Lawyers differ on NASS, Supreme Court impasse
A constitutional lawyer, Itsay Sagay SAN has said there is a principle of law that established that an arm of government should not interfere with the internal affairs of others.
He explained that even though he is yet to understand the intricacies of the conflict between the Legislature and the Judiciary concerning constitutional amendments, he is of the view that members of the National Assembly are suspecting that the Supreme Court is interfering in their internal affairs.
According to him, the logical thing to do, where there could be reasons to suspect interference is to wait for the National Assembly to conclude with the amendment and for the Supreme Court to declare it invalid.
His words: “In my view, there is a principle that one arm of government should not interfere with the internal affairs of the others. I feel that they suspect that the Supreme Court is about to interfere into the internal operations of the National Assembly.
That is why they are rejecting the injunction, though those are my preliminary assumption. “There is such principle in constitutional law. What the National Assembly is saying is that nobody can stop them for what they do internally.
The implication is that the Supreme Court can only declare such an action invalid after they have completed it. They are saying, ‘you cannot stop us from making laws; its our internal affair.
What the Supreme Court can do is to say it is unconstitutional after they have completed their job. They are seeing it as a kind of trying to preempt them; they are saying that it is too early in the day for the Supreme Court to act on the matter.
” But a Lagos based rights activist and lawyer, Ebun-Olu Adegboruwa thinks differently. He believes that the Supreme Court has the powers to stop the National Assembly from amending the constitution.
For him, such action does not amount to judicial interference in internal legislative matters, since the Supreme Court is empowered by law to adjudicate on any issue in conflict between the tiers of government.
“The Supreme Court has the powers, to stop the National Assembly, from proceeding with the amendment of the Constitution. Under and by virtue of section 6(6)(b) of the 1999 Constitution, the judiciary in general, and not just the Supreme Court, has a statutory responsibility to resolve disputes, between persons and persons, between persons and government and between the different arms of government.
“In this case, once the Executive arm has filed an action before the Supreme Court, declaring a dispute with the Legislative arm, on the issue of amendment of the Constitution, then jurisdiction has been conferred on the Supreme Court, to intervene, judicially and judiciously.

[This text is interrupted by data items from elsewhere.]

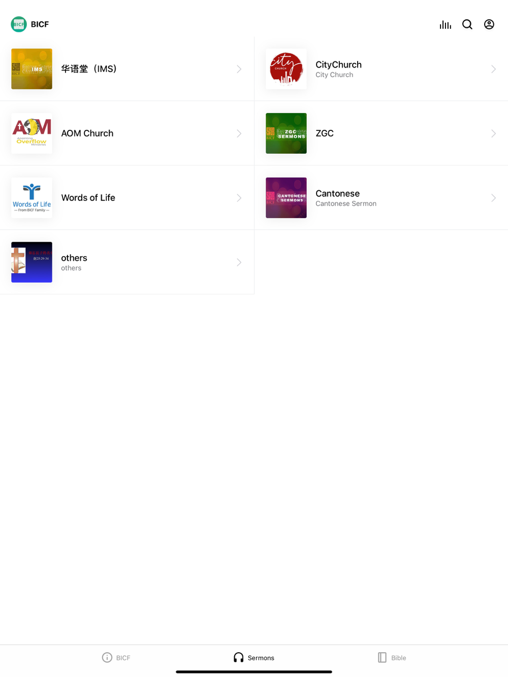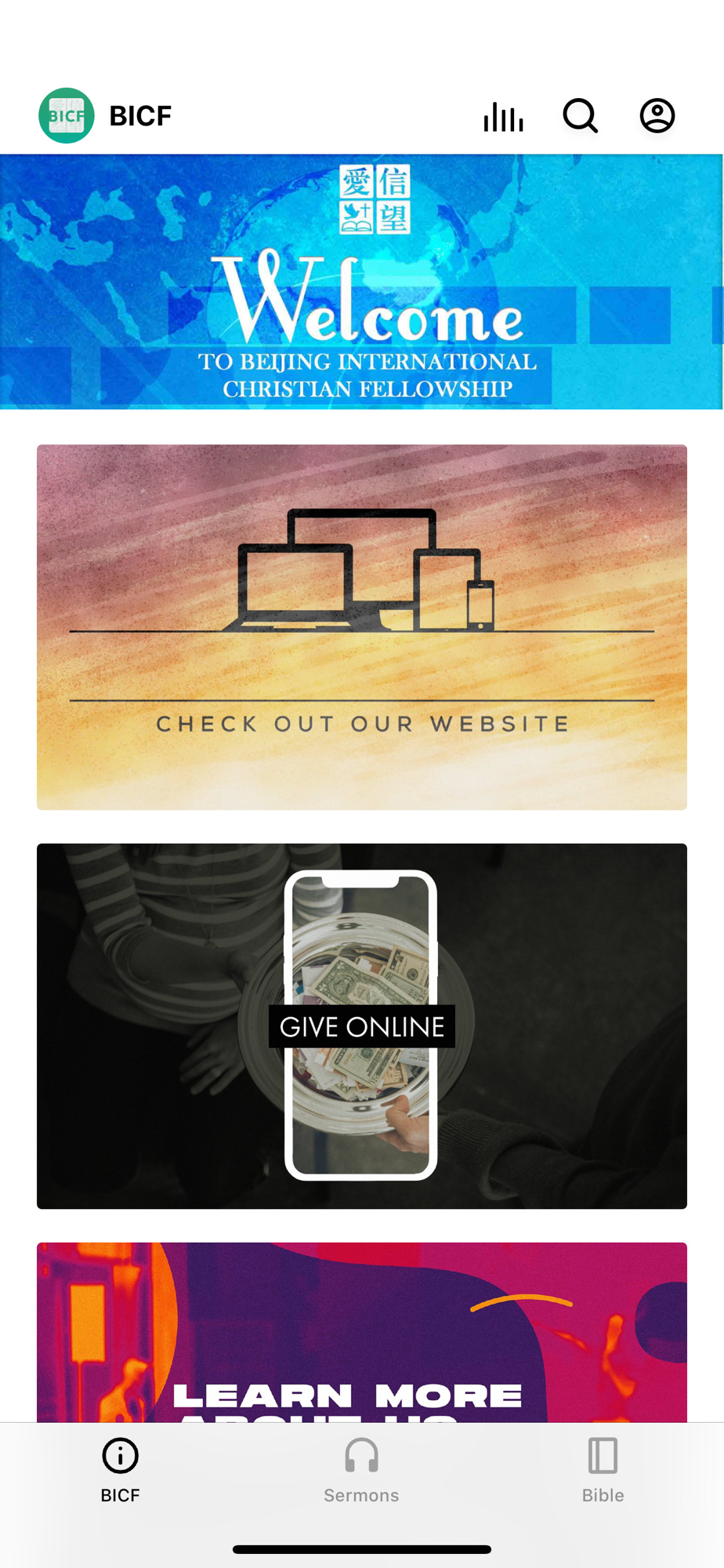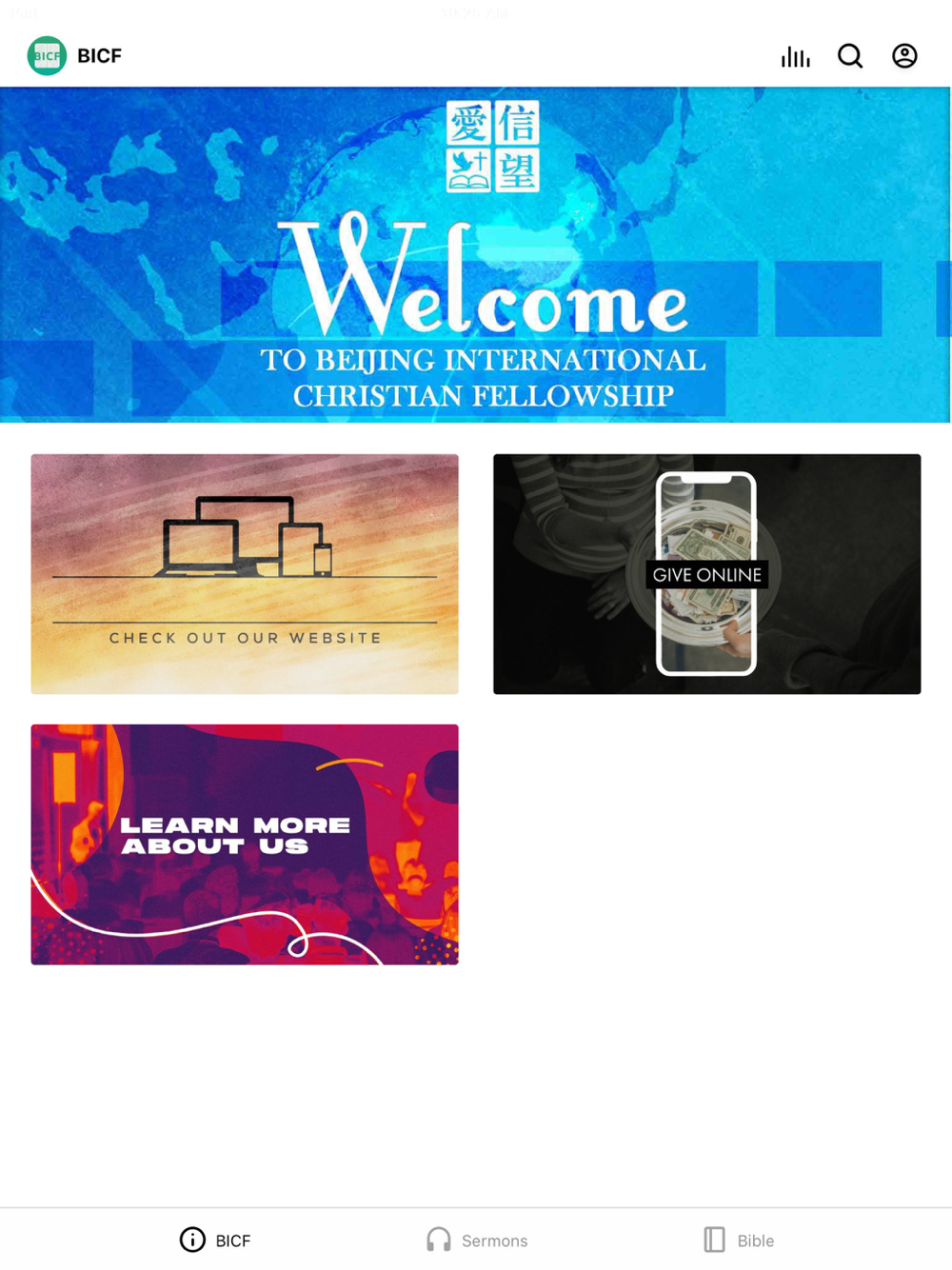The BICF (Beijing International Christian Fellowship) App was created with the Subsplash App Platform.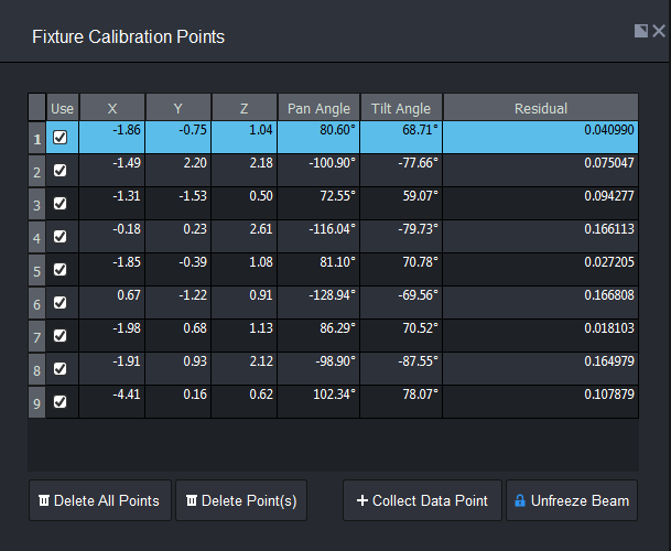 - Use: Checkbox to select or deselect the row of data points of the selected fixture. By deselecting a checkbox, that point will no longer be used as part of the calibration next time the solver is run (manually or automatically).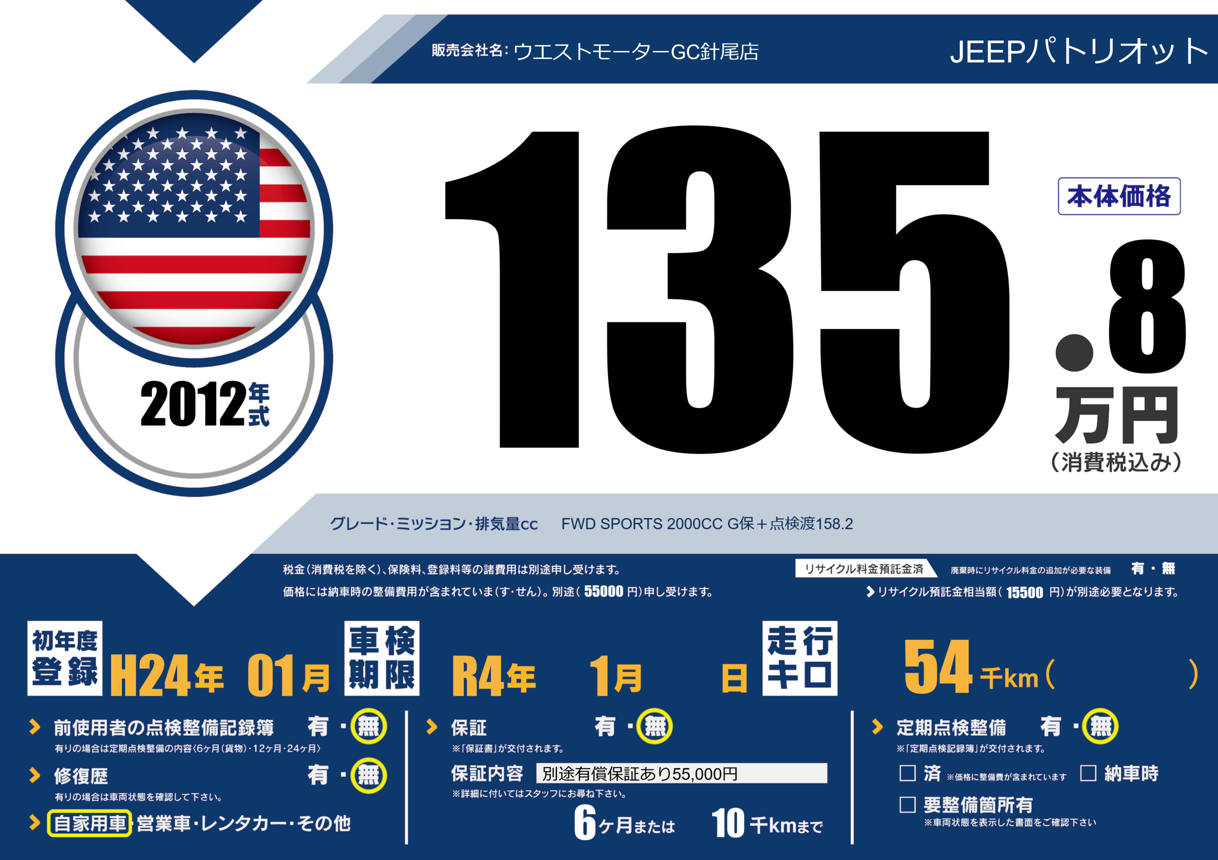 | 車名 | JEEPパトリオット | グレード ミッション 排気量 |

“While it is true that there is a doctrine of separation of powers, under a federal system of government, the exercise of its judicial duty, by the Supreme Court, to resolve a dispute between the Executive and the Legislative arms, constitutes an exception to that doctrine.
“In that regard therefore, the Supreme Court is perfectly entitled to exercise its disciplinary and statutory jurisdiction, to check the excesses, of both the Executive and Legislative arms, from any illegality, from any act of impunity, or arbitrariness.
Thus, the order of injunction by the Supreme Court, for the Executive and Legislative arms, to maintain the status quo, in respect of the amendment of the Constitution, is perfectly in order.
It is within the powers of the Supreme Court, under the Constitution, under the Supreme Court Act and under the Supreme Court Rules”, he declared.
He maintained that such action amounts to sheer blackmail, for the National Assembly to be castigating the Supreme Court in the exercise of its constitutional and statutory responsibilities.
As a result, he called on the Nigerian Bar Association to rise to defend the apex court. “It is the duty of the Nigerian Bar Association, to rise to this occasion and defend the Supreme Court”, he stressed.